ネロはカトラリーを変化させたと同時、足の裏にぐ、と魔力を込め、そのまま地面を蹴った。
突如として猫まみれにされたファウストが目を見開く。
──捕った!
「せーんせ、捕まえた」
「きみね……」
額に手を当て、ファウストはネロの下で盛大なため息をついた。しゅるりとファウストの腕から解かれたしっぽ、もとい布はネロの手の中ではためいている。
ネロが指をパチン、鳴らすと猫達が煙のように消えていく。その光景を見つめていたファウストは名残惜しいような顔をしていた。
「ねこ……」
「……あんた、次は引っかかるなよ……?」
正直ここまで綺麗に引っ掛かってくれるとはネロも思わなかった。一瞬足止め、最悪そのまま接近戦に持ち込んでゴリ押しも覚悟していたくらいだ。今回は相手がネロだったからよかったものの、大丈夫だろうかと急に心配になってしまった。
「うるさい。次は引っかからない。そもそもきみが悪い」
「なんで」
「猫からはネロの気配がするし」
「……」
「ネロの気配に埋もれると自然と安心してしまうし」
「……あの、」
「最近忙しくてあまりくっついていなかったから余計に、」
「あー!分かった!分かりました!」
まだ途中なんだけど、と口をへの字に曲げたファウストの手を取って立ち上がらせる。服に付いた葉や埃をはたいてやり、改めて正面からぎゅうと抱き締めた。

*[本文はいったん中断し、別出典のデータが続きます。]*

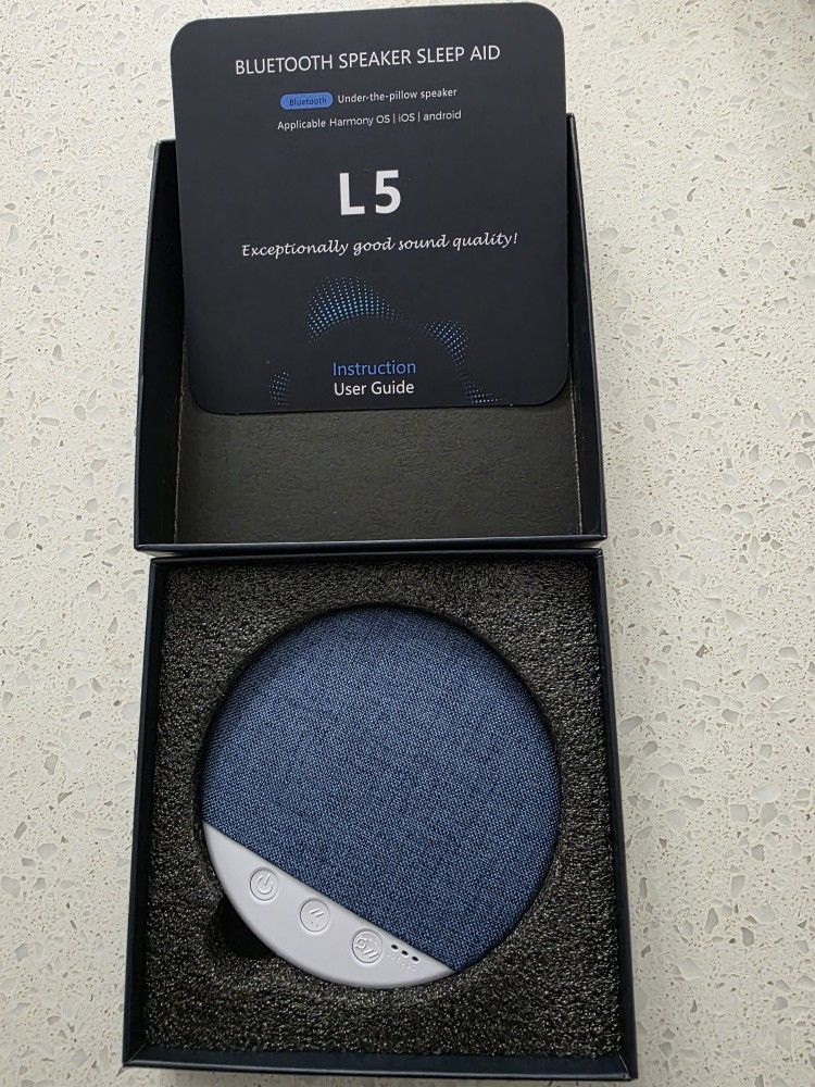 Brand New In Box Ultra-Thin for Side Sleepers: Designed with a slim 12mm profile and soft cotton-linen fabric, this under pillow speaker slips unnoticed beneath your pillow. Built-in White Noise & Auto-Off Timer: Drift off easily with built-in nature sounds (Ocean, Stream, Birds) or your own audio. Features a 30/60/90-minute timer that automatically shuts off.

依頼や私用が重なり続け、互いに気を遣ってすれ違いすぎてしまった。なんとも東の性質らしい。もっと早く捕まえておくんだった、とネロは反省した。
「ほら、捕まえたから。今日は一日俺のもの、ってことで」
だめ?と顔を覗き込む。だめも何も、とファウストは真面目な顔をして答えた。